Items listed in a dataset

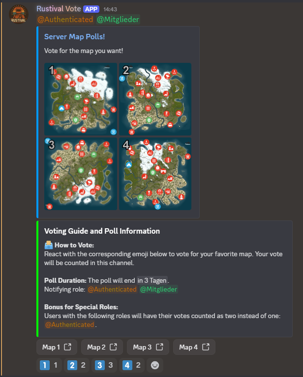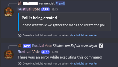 Hi, the Bot is showing up in Discord, but hangs with an Error till disconnect. Node output: === Drxps Rust Maps Poll Bot === Thank you for your purchase! Bot has started and is online now. If you need any support, visit our Discord: https://discord.gg/GG2Vdvkhvg Made by Drxp. Enjoy the bot! Registering guild commands for RUSTIVAL - PVE|PVP|Events. (node:4284) DeprecationWarning: The ready event has been renamed to clientReady to distinguish it from the gateway READY event and will only emit under that name in v15. Please use clientReady instead. (Use `node --trace-deprecation ...` to show where the warning was created) 2 commands registered to guild: RUSTIVAL - PVE|PVP|Events (node:4284) Warning: Supplying "ephemeral" for interaction response options is deprecated. Utilize flags instead. Error: Invalid duration unit. Use m (minutes), h (hours), or d (days). at calculatePollEndTime (C:\RustMaps\commands\poll.js:383:19) at Object.execute (C:\RustMaps\commands\poll.js:84:29) at process.processTicksAndRejections (node:internal/process/task_queues:95:5) at async Object.execute (C:\RustMaps\events\interactionCreate.js:15:17) Error processing map IDs: CombinedError (2) Received one or more errors 1 ValidationError > s.nullish() | Expected undefined or null | | Received: | | '' 2 ExpectedConstraintError > s.string().url() | Invalid URL | | Expected: expected to match a URL | | Received: | | '' at _UnionValidator.handle (C:\RustMaps\node_modules\@sapphire\shapeshift\dist\cjs\index.cjs:1965:23) at _UnionValidator.parse (C:\RustMaps\node_modules\@sapphire\shapeshift\dist\cjs\index.cjs:972:90) at EmbedBuilder.setURL (C:\RustMaps\node_modules\@discordjs\builders\dist\index.js:389:18) at Object.execute (C:\RustMaps\commands\poll.js:129:26) at process.processTicksAndRejections (node:internal/process/task_queues:95:5) at async Object.execute (C:\RustMaps\events\interactionCreate.js:15:17) Bot config.json: { "token": "MY_TOKEN", "guildId": "MY_GID", "clientId": "", "websiteUrl": "", "poll_channel_id": "MY_CHANNELID", "e_img_Title": "Server Map Polls!", "e_img_Description": "Vote for the map you want!", "rustmapsapi_key": "MY_RUSTAPIKEY", "extraEntryFeature": { "_note_from_dev (READ)": "This feature allows you to give certain roles, such as VIPs, additional voting power during polls. When enabled, users with the specified roles will have their votes count as two instead of one. You can add the role IDs in the 'roleIds' array, and users with any of these roles will receive the extra vote benefit. Set 'enabled' to true to activate the feature.", "enabled": false, "roleIds": ["ROLE_ID", "ROLE_ID"] }, "_poll_channel_info": "The poll_channel_id is used as the default channel for polls when no specific channel is specified in the /poll command. Users can now specify a different channel using the 'channel' option in the /poll command." } Any ideas? Regards
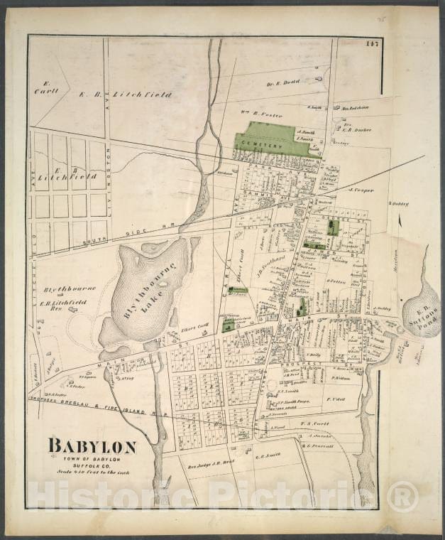 Historic Map - 1873 Long Island, New York, (N.Y.), Babylon, Town Of Babylon, Suffolk Co. - Vintage Wall Art
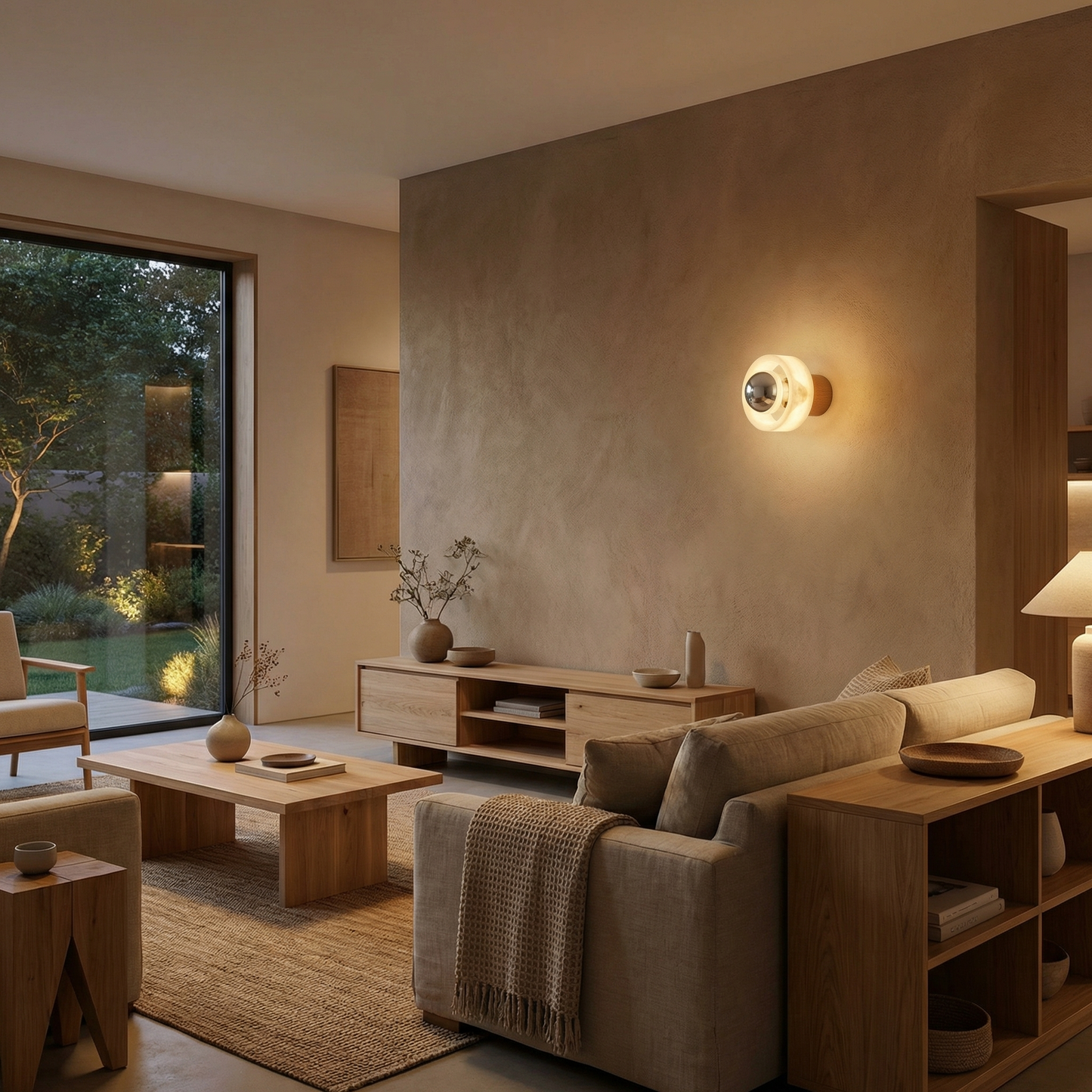 - Material: Solid Wood Base + Natural Translucent Alabaster
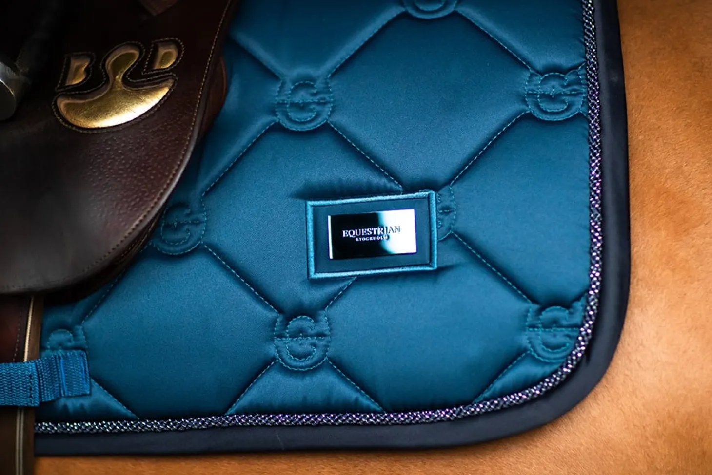 Elegante Schabracke in Blau mit marineblauen und blauen Metalldetails. Verziert mit dem Equestrian Stockholm Abzeichen in Dunkelblau. Das Bambusmaterial ist aufgrund seiner thermoregulierenden Wirkung das ganze Jahr über perfekt – kühlend im Sommer und wärmend im Winter. Außerdem ist es schnelltrocknend, feuchtigkeitsableitend und antibakteriell. Kombinieren Sie die Schabracke mit anderen Teilen aus der Blue Meadow Kollektion für einen stilvollen Look von Kopf bis Fuß.
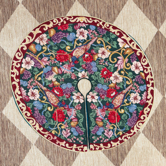 Vintage Needlepoint Christmas Tree Skirt, Pheasants and Florals
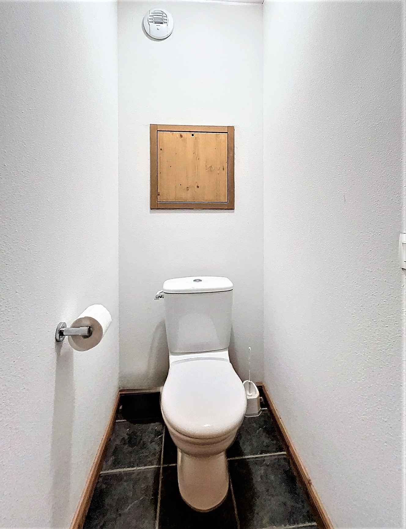 constitué d'une entrée avec grand placard, d'une salle de bain avec sèche cheveux et de wc séparés, le couloir ouvre
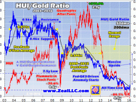Bei einem Goldpreis von 1.200 Dollar und einem durchschnittlichen HUI/Gold-Verhältnis von 0,346 liegt das Kursziel des HUI bei 415 Punkten. Ausgehend vom Schlussstand des Kurses am Mittwoch entspräche das einem Anstieg um 179% und würde bedeuten, dass sich der Kurs gegenüber den absurden Tiefstständen der jüngeren Vergangenheit mehr als vervierfacht...
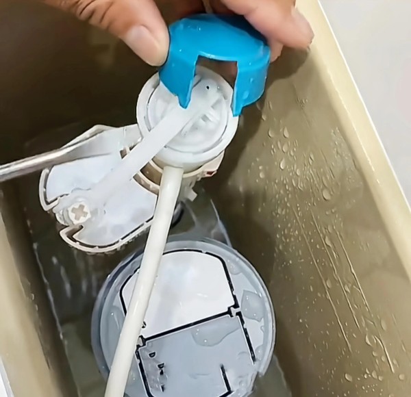 4、马桶水箱上水慢吱吱响或是上水不停,其实就是上水阀的原因。把盖撬开,拿掉销子,取掉浮漂杆,把塑料帽拧下来,一般都是胶皮垫脏了,把胶皮垫取下来冲洗干净,用针给小眼疏通,再原封不动地安装回去就可以了。
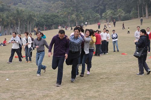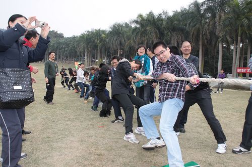 随着裁判的一声哨响,户外活动的首个项目“健步行”点燃了全体人员的热情。4个小组一路上你追我赶,争先恐后地从青秀山脚奔向位于山顶的龙象塔。其中在最引人注目的拔河比赛里,每个小组各派出6男6女“精兵强将”代表参赛,双方队员精心布阵,手心紧拽绳子,脚底使劲抓地,弯腰侧身,丝毫不敢放松。伴随着啦啦队的呐喊声,红绸一旦越过红线,胜利的一方欢呼、击掌、拥抱、空中跳,喜悦之情溢于言表,充分享受着比赛的乐趣和团队的协作精神。此次户外活动还有“三人绑脚跑”、“链接加速”、“猪八戒背媳妇”等别开生面又精彩有趣的活动,精美丰富的奖品更是让员工眉开眼笑,满载而归。
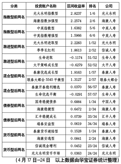根據(jù)華寶證券統(tǒng)計(jì),4.17日-4.24日,投連險(xiǎn)各賬戶跟隨大盤取得了較好收益,所有賬戶整體取得0.64%的平均收益,絕大部分賬戶實(shí)現(xiàn)正收益。但關(guān)注度較高的激進(jìn)型賬戶平均收益仍未跑贏滬深300指數(shù)。
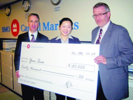 中新網(wǎng)1月15日電 據(jù)加拿大《明報》報道,加拿大滿地可銀行(BMO)一年一度的“資本市場高級研究獎學金”已于日前公布了評選結果,約克大學數(shù)學和統(tǒng)計學博士生,中國留學生喬云(Yun Qiao)憑借其博士論文贏得此項殊榮,獲得由該銀行頒發(fā)的2萬元獎學金。
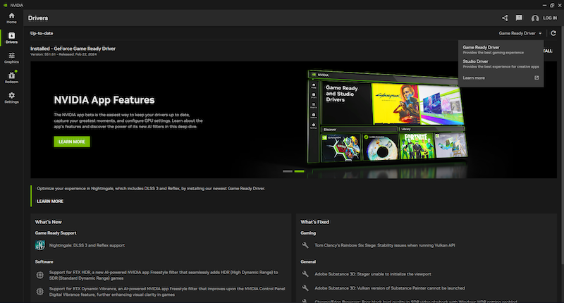 또 다른 좋은 점은 이제 드라이버 섹션에서 엔비디아 Game Ready 드라이버와 Studio Ready 드라이버 중에서 직접 선택할 수 있다는 점입니다. 이는 작은 변화처럼 보일 수 있지만 전환이 훨씬 쉬워집니다.
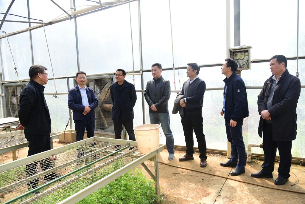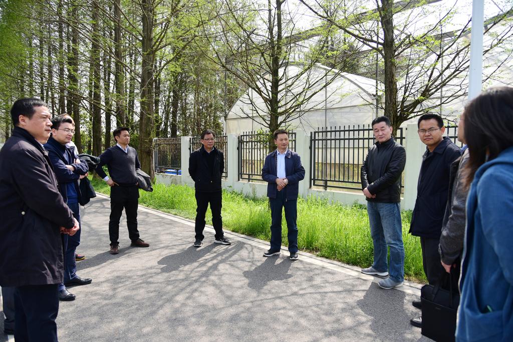 3月28日上午,学院党委书记张宏荣、院长程运江与工学院党委书记明庭庆、院长廖庆喜在果树标本园现场研讨推进国家数字种植业(果园)创新分中心建设。
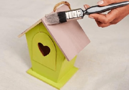 To spruce up a wooden birdhouse with fun colours, you’ll need:
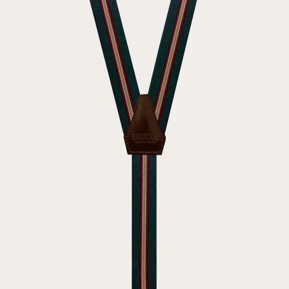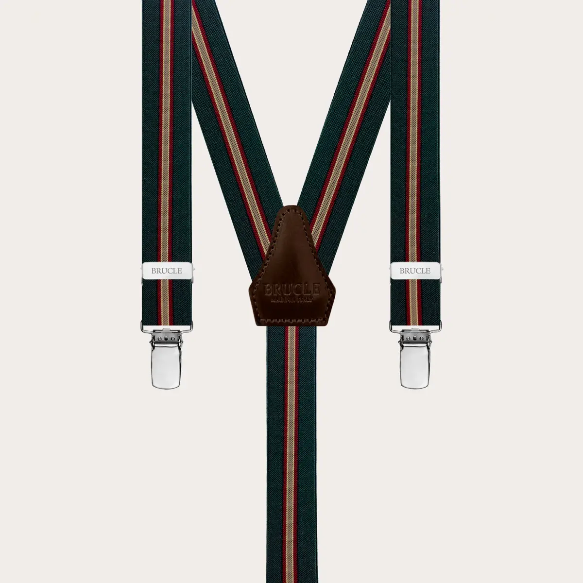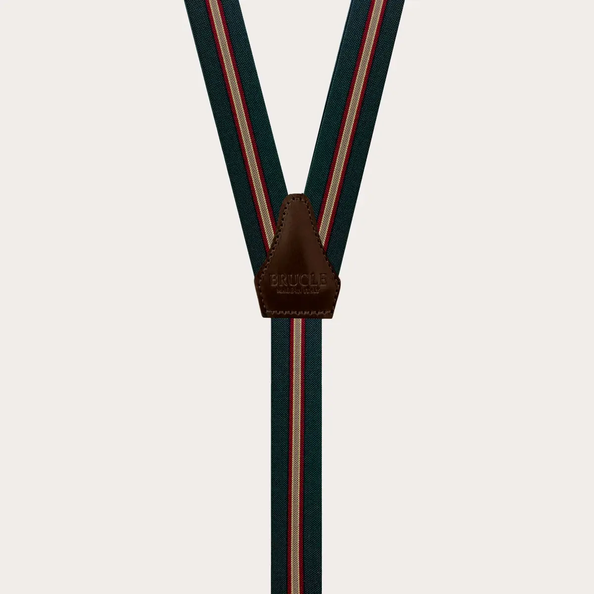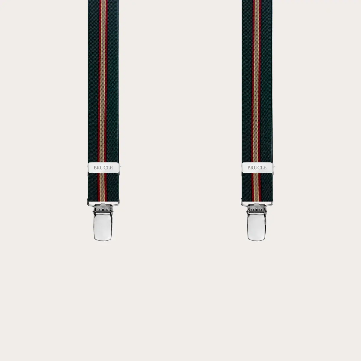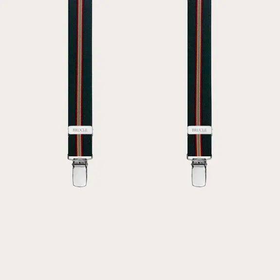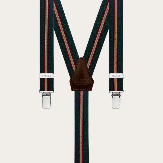 Bretelles vert régimentaire avec attache par clip en élastique étroit. Un motif original qui réinterprète le classique régimentaire. Polyvalent et facile à assortir, il est disponible en plusieurs couleurs. Un modèle de bretelles unisex, personnalisable avec des gravures sur les clips. Découvrez toute la collection de bretelles homme et femme de Brucle.
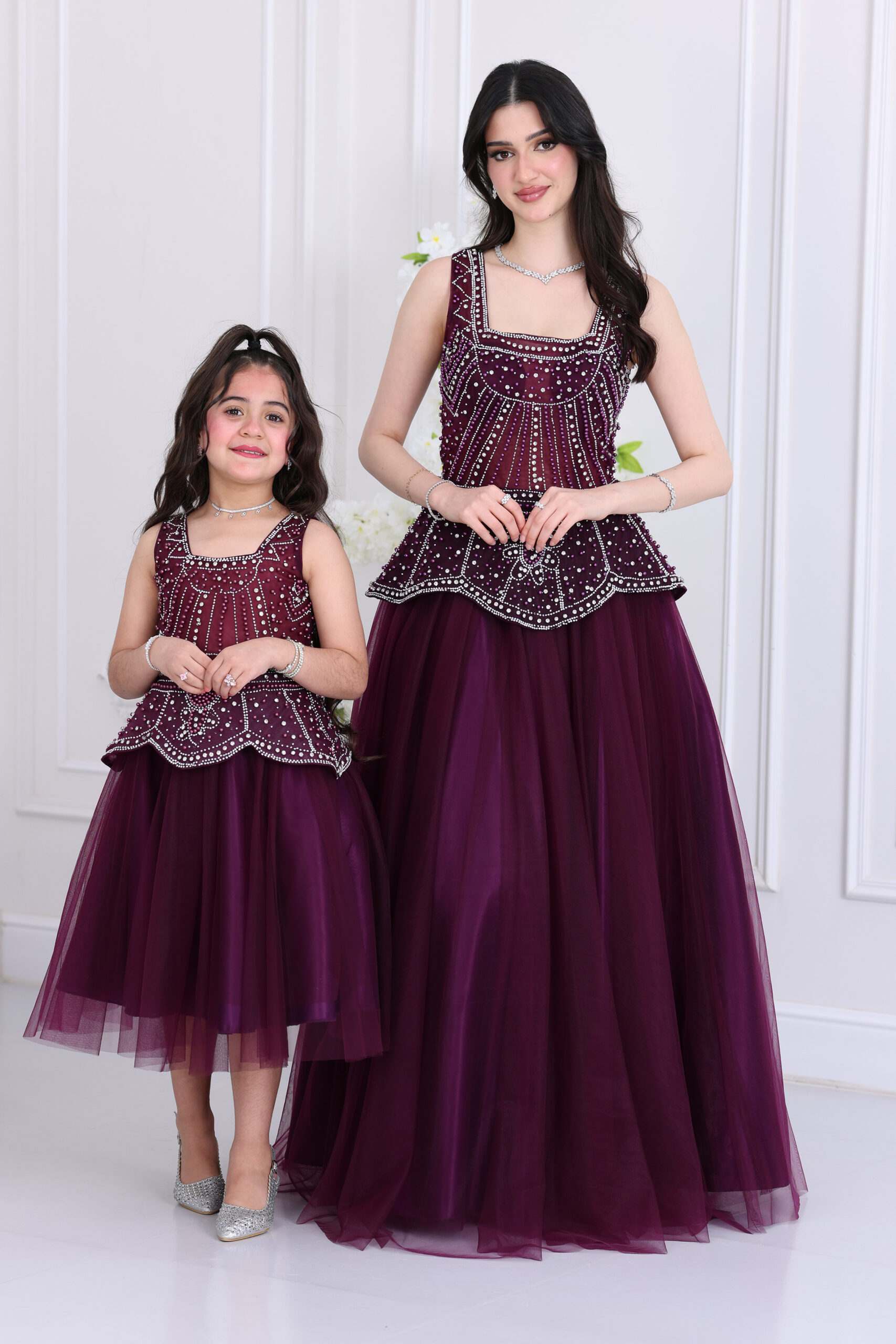 فستان بناتي راقي ملكي قطعة مثالية التي تمنح طفلتك إطلالة الأميرات الساحرة في المناسبات الكبرى وحفلات الزفاف. يندرج هذا التصميم تحت فئة أفخم فساتين سهرة للبنات في السعودية، حيث يجمع بين براءة الطفولة وفخامة التصميم الملكي. يتميز الجزء العلوي من الفستان بتطريز يدوي كثيف ومتقن من الخرز والكريستال اللامع الذي يغطي الصدر بالكامل، مما يجعله يخطف الأنظار في كل سهرة ومناسبة سعيدة.

### EXERCISE BRIEF
The records above are to be restated word for word, with every picture left out.

### SOLUTION FOR THIS TASK
 Hi, the Bot is showing up in Discord, but hangs with an Error till disconnect. Node output: === Drxps Rust Maps Poll Bot === Thank you for your purchase! Bot has started and is online now. If you need any support, visit our Discord: https://discord.gg/GG2Vdvkhvg Made by Drxp. Enjoy the bot! Registering guild commands for RUSTIVAL - PVE|PVP|Events. (node:4284) DeprecationWarning: The ready event has been renamed to clientReady to distinguish it from the gateway READY event and will only emit under that name in v15. Please use clientReady instead. (Use `node --trace-deprecation ...` to show where the warning was created) 2 commands registered to guild: RUSTIVAL - PVE|PVP|Events (node:4284) Warning: Supplying "ephemeral" for interaction response options is deprecated. Utilize flags instead. Error: Invalid duration unit. Use m (minutes), h (hours), or d (days). at calculatePollEndTime (C:\RustMaps\commands\poll.js:383:19) at Object.execute (C:\RustMaps\commands\poll.js:84:29) at process.processTicksAndRejections (node:internal/process/task_queues:95:5) at async Object.execute (C:\RustMaps\events\interactionCreate.js:15:17) Error processing map IDs: CombinedError (2) Received one or more errors 1 ValidationError > s.nullish() | Expected undefined or null | | Received: | | '' 2 ExpectedConstraintError > s.string().url() | Invalid URL | | Expected: expected to match a URL | | Received: | | '' at _UnionValidator.handle (C:\RustMaps\node_modules\@sapphire\shapeshift\dist\cjs\index.cjs:1965:23) at _UnionValidator.parse (C:\RustMaps\node_modules\@sapphire\shapeshift\dist\cjs\index.cjs:972:90) at EmbedBuilder.setURL (C:\RustMaps\node_modules\@discordjs\builders\dist\index.js:389:18) at Object.execute (C:\RustMaps\commands\poll.js:129:26) at process.processTicksAndRejections (node:internal/process/task_queues:95:5) at async Object.execute (C:\RustMaps\events\interactionCreate.js:15:17) Bot config.json: { "token": "MY_TOKEN", "guildId": "MY_GID", "clientId": "", "websiteUrl": "", "poll_channel_id": "MY_CHANNELID", "e_img_Title": "Server Map Polls!", "e_img_Description": "Vote for the map you want!", "rustmapsapi_key": "MY_RUSTAPIKEY", "extraEntryFeature": { "_note_from_dev (READ)": "This feature allows you to give certain roles, such as VIPs, additional voting power during polls. When enabled, users with the specified roles will have their votes count as two instead of one. You can add the role IDs in the 'roleIds' array, and users with any of these roles will receive the extra vote benefit. Set 'enabled' to true to activate the feature.", "enabled": false, "roleIds": ["ROLE_ID", "ROLE_ID"] }, "_poll_channel_info": "The poll_channel_id is used as the default channel for polls when no specific channel is specified in the /poll command. Users can now specify a different channel using the 'channel' option in the /poll command." } Any ideas? Regards
 Historic Map - 1873 Long Island, New York, (N.Y.), Babylon, Town Of Babylon, Suffolk Co. - Vintage Wall Art
 - Material: Solid Wood Base + Natural Translucent Alabaster
 Elegante Schabracke in Blau mit marineblauen und blauen Metalldetails. Verziert mit dem Equestrian Stockholm Abzeichen in Dunkelblau. Das Bambusmaterial ist aufgrund seiner thermoregulierenden Wirkung das ganze Jahr über perfekt – kühlend im Sommer und wärmend im Winter. Außerdem ist es schnelltrocknend, feuchtigkeitsableitend und antibakteriell. Kombinieren Sie die Schabracke mit anderen Teilen aus der Blue Meadow Kollektion für einen stilvollen Look von Kopf bis Fuß.
 Vintage Needlepoint Christmas Tree Skirt, Pheasants and Florals
 constitué d'une entrée avec grand placard, d'une salle de bain avec sèche cheveux et de wc séparés, le couloir ouvre
Bei einem Goldpreis von 1.200 Dollar und einem durchschnittlichen HUI/Gold-Verhältnis von 0,346 liegt das Kursziel des HUI bei 415 Punkten. Ausgehend vom Schlussstand des Kurses am Mittwoch entspräche das einem Anstieg um 179% und würde bedeuten, dass sich der Kurs gegenüber den absurden Tiefstständen der jüngeren Vergangenheit mehr als vervierfacht...
 4、马桶水箱上水慢吱吱响或是上水不停,其实就是上水阀的原因。把盖撬开,拿掉销子,取掉浮漂杆,把塑料帽拧下来,一般都是胶皮垫脏了,把胶皮垫取下来冲洗干净,用针给小眼疏通,再原封不动地安装回去就可以了。
 随着裁判的一声哨响,户外活动的首个项目“健步行”点燃了全体人员的热情。4个小组一路上你追我赶,争先恐后地从青秀山脚奔向位于山顶的龙象塔。其中在最引人注目的拔河比赛里,每个小组各派出6男6女“精兵强将”代表参赛,双方队员精心布阵,手心紧拽绳子,脚底使劲抓地,弯腰侧身,丝毫不敢放松。伴随着啦啦队的呐喊声,红绸一旦越过红线,胜利的一方欢呼、击掌、拥抱、空中跳,喜悦之情溢于言表,充分享受着比赛的乐趣和团队的协作精神。此次户外活动还有“三人绑脚跑”、“链接加速”、“猪八戒背媳妇”等别开生面又精彩有趣的活动,精美丰富的奖品更是让员工眉开眼笑,满载而归。
根據(jù)華寶證券統(tǒng)計(jì),4.17日-4.24日,投連險(xiǎn)各賬戶跟隨大盤取得了較好收益,所有賬戶整體取得0.64%的平均收益,絕大部分賬戶實(shí)現(xiàn)正收益。但關(guān)注度較高的激進(jìn)型賬戶平均收益仍未跑贏滬深300指數(shù)。
 中新網(wǎng)1月15日電 據(jù)加拿大《明報》報道,加拿大滿地可銀行(BMO)一年一度的“資本市場高級研究獎學金”已于日前公布了評選結果,約克大學數(shù)學和統(tǒng)計學博士生,中國留學生喬云(Yun Qiao)憑借其博士論文贏得此項殊榮,獲得由該銀行頒發(fā)的2萬元獎學金。
 또 다른 좋은 점은 이제 드라이버 섹션에서 엔비디아 Game Ready 드라이버와 Studio Ready 드라이버 중에서 직접 선택할 수 있다는 점입니다. 이는 작은 변화처럼 보일 수 있지만 전환이 훨씬 쉬워집니다.
 3月28日上午,学院党委书记张宏荣、院长程运江与工学院党委书记明庭庆、院长廖庆喜在果树标本园现场研讨推进国家数字种植业(果园)创新分中心建设。
 To spruce up a wooden birdhouse with fun colours, you’ll need:
 Bretelles vert régimentaire avec attache par clip en élastique étroit. Un motif original qui réinterprète le classique régimentaire. Polyvalent et facile à assortir, il est disponible en plusieurs couleurs. Un modèle de bretelles unisex, personnalisable avec des gravures sur les clips. Découvrez toute la collection de bretelles homme et femme de Brucle.
 فستان بناتي راقي ملكي قطعة مثالية التي تمنح طفلتك إطلالة الأميرات الساحرة في المناسبات الكبرى وحفلات الزفاف. يندرج هذا التصميم تحت فئة أفخم فساتين سهرة للبنات في السعودية، حيث يجمع بين براءة الطفولة وفخامة التصميم الملكي. يتميز الجزء العلوي من الفستان بتطريز يدوي كثيف ومتقن من الخرز والكريستال اللامع الذي يغطي الصدر بالكامل، مما يجعله يخطف الأنظار في كل سهرة ومناسبة سعيدة.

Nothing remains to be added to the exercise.